日系人俳優パット・モリタが感謝祭の非にラスベガスで亡くなった。73歳だった。
 1967年に「モダン・ミリー」で「アジア人No.2」として映画デビューして以来、モリタ氏はずっと現役を貫いた。当たり役としては、映画「カラテ・キッド(邦題ベスト・キッド)」のミヤギ師匠が有名だ。しかしそれ以外は、40年近くにわたって果てしない脇役の道が続いた。台本にアジア人のタクシー運転手やバーテンダー、下手な英語で鋭い警句を言う役がある時、彼ほど頼れる存在はなかった。
(日本語約:US Frontline 編集部、人民兵注 アジア人No.1はブルースリーのこと)

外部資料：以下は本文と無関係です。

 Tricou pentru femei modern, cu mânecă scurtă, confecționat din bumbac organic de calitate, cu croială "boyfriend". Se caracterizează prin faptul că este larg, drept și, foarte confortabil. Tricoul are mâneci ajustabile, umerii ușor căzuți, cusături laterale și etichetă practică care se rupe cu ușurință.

記事はこの後、『モリタ氏は紋切り型のアジア人しか必要とされないシステムの中で苦労した最後の世代だ』と続く。

アメリカに住んでドラマやコメディを見たり、音楽を耳にしても、日本のサブカルチャーの素晴らしさは際立っていると思う。単純な歌唱力・表現力では劣っているように見えるかもしれないが、底に流れるメロディラインやメッセージ、笑いのセンスは世界に比類ないものだと人民兵は信じる。

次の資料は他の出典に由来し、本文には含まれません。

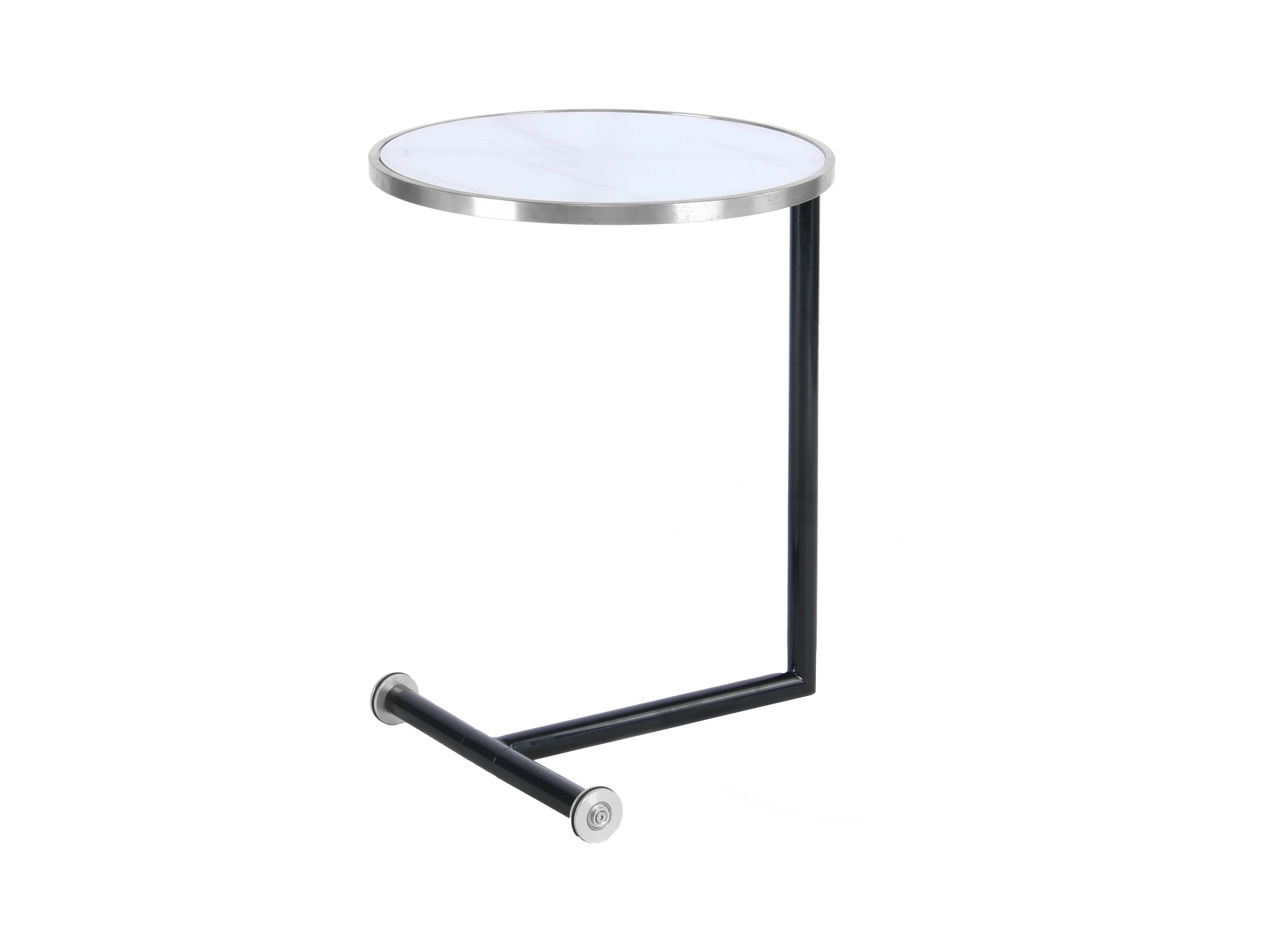 Table d'Appoint Design "Servant" 62cm Argent & Blanc

時代も変わって今では『紋切り型』のアジア人俳優だけを必要とはしていないと言うが、やはりテレビをつけても映画を見ても、まだまだアジア系の活躍する場は極めて小さいと言わざるをえない。

吉田栄作がハリウッド進出を試みて失敗したが、あれは本人がどうのこうのと言うよりは、カンフーの達人でもなければ忍者でもないアジア人男性の役柄が、こちらの芸能界に皆無だったということに原因が大きい。